07/02/2012

Does the speech enabled iPod shuffle hint at a voice enabled next iPhone?

Apple has released a new iPod shuffle. Besides its design a remarkable feature is called VoiceOver. I don’t own one, yet, but I assume it’s a built-in text-to-speech engine that reads out artists names, song titles and the name of your playlists. Controlling the iPod shuffle is still up to pressing tiny buttons, so it’s a one-way speech interface merely providing feedback to the user.

I wonder whether this move indicates that we might see a “fully” voice enabled next iPhone release this summer.

In any case, I’d like to get your opinion on the strategic role of speech as a first class UI technology for smartphones.

The role of speech on ultra-smart smartphones?

I’d like to get your opinion, so please do use the comment feature of my blog to respond!

Nobody doubts that the landing of the iPhone on our planet serves as kind of a game changer for at least the smartphone business. A multitude of devices are already following the way Apple has paved and – at least that’s my analysis – are putting the mass market consumer in the centre of all design considerations. This will eventually lead to real behavioral change (large scale) and give birth to a mobile application era with real-time services at its centre.

I’ve recently talked to folks at Nuance. Nuance are the unrivaled market leader in the speech recognition industry. They’ve literally acquired each and every competitor and as far as I know an 80%+ market share. From my experience their technology is rock solid and by far the best in speech recognition and natural language understanding one can get. Besides this Nuance owns T9 and SNAPin, technologies they have acquired and that bring Nuance pre-installed on many, many handsets across the globe.

One of the fundamental believes Steve Chambers (their Mobile & Enterprise Division President) has is that Speech will be the future mobile UI. Of course speech is the most natural way for human beings to communicate – to other human beings. It has not really gained momentum when it comes to controlling computers. Again, I do understand use cases addressed by tools like Dragon NaturallySpeaking but these are isolated solutions and not so much a proof point for speech as the ultimate future user interface.
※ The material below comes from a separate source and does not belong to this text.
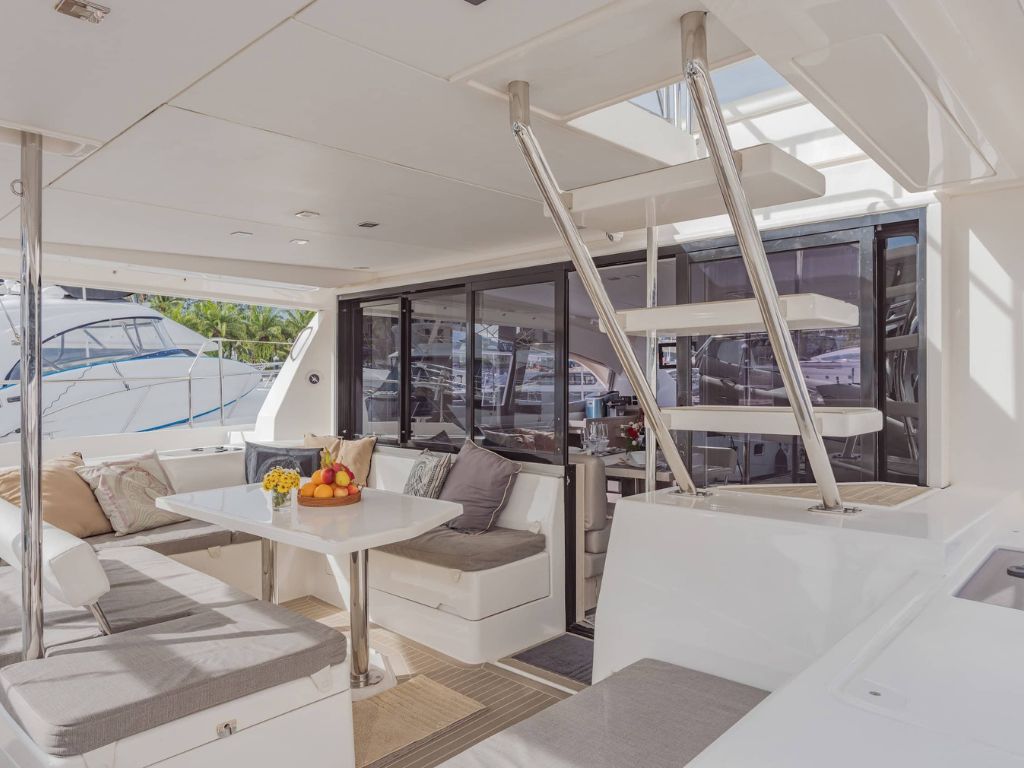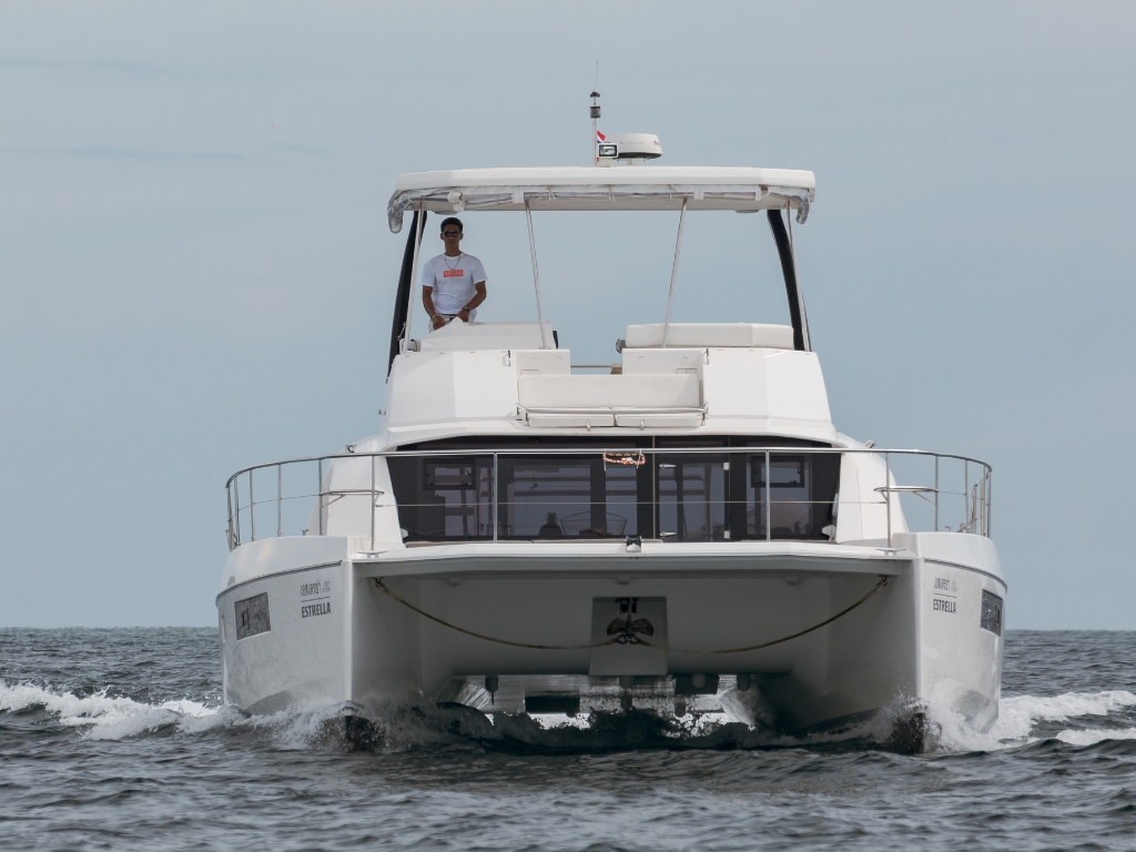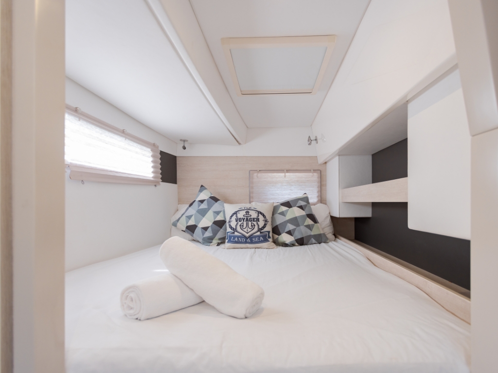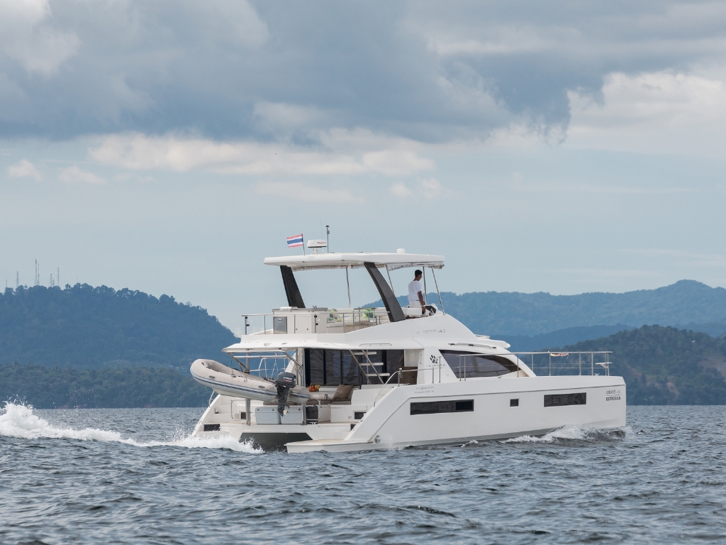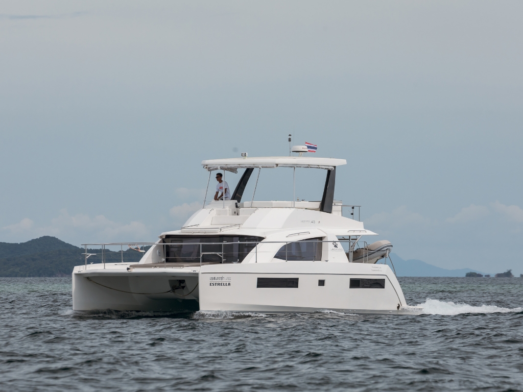 The 43-foot power catamaran “Estrella,” brand new in 2019, features a large flybridge with direct access to the sunbathing platform and an air-conditioned saloon for indoor comfort. Beautifully designed, it includes three spacious rooms and two bathrooms, accommodating up to 18 guests. “Estrella” also offers a BBQ station and various entertainment options, from snorkeling to explore the underwater world to mini water sports with a kayak and floating toys, ensuring a fun and youthful lifestyle for all aboard.
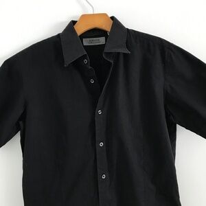 Uniqlo STRETCH Slim Fit Shirt Black Button Short Sleeve Mens Small

I also understand use cases like voice based dialing where when you’re driving in your car you don’t want to lookup contacts on your device. I also like the idea of keyword based voice enabled search. These use cases already do exist. (You find more of those here.)

But: What role will speech recognition play with respect to the upcoming generation of ultra-smart smartphones?

Will consumers prefer the visual/gesture/touch based approach which gave the iPhone such a tremendous breakthrough? Or will consumers ultimately want to control their handsets via natural language voice commands?

I’m trying to get an idea of the strategic role speech might play as a future, core mobile UI technology.

What do you think?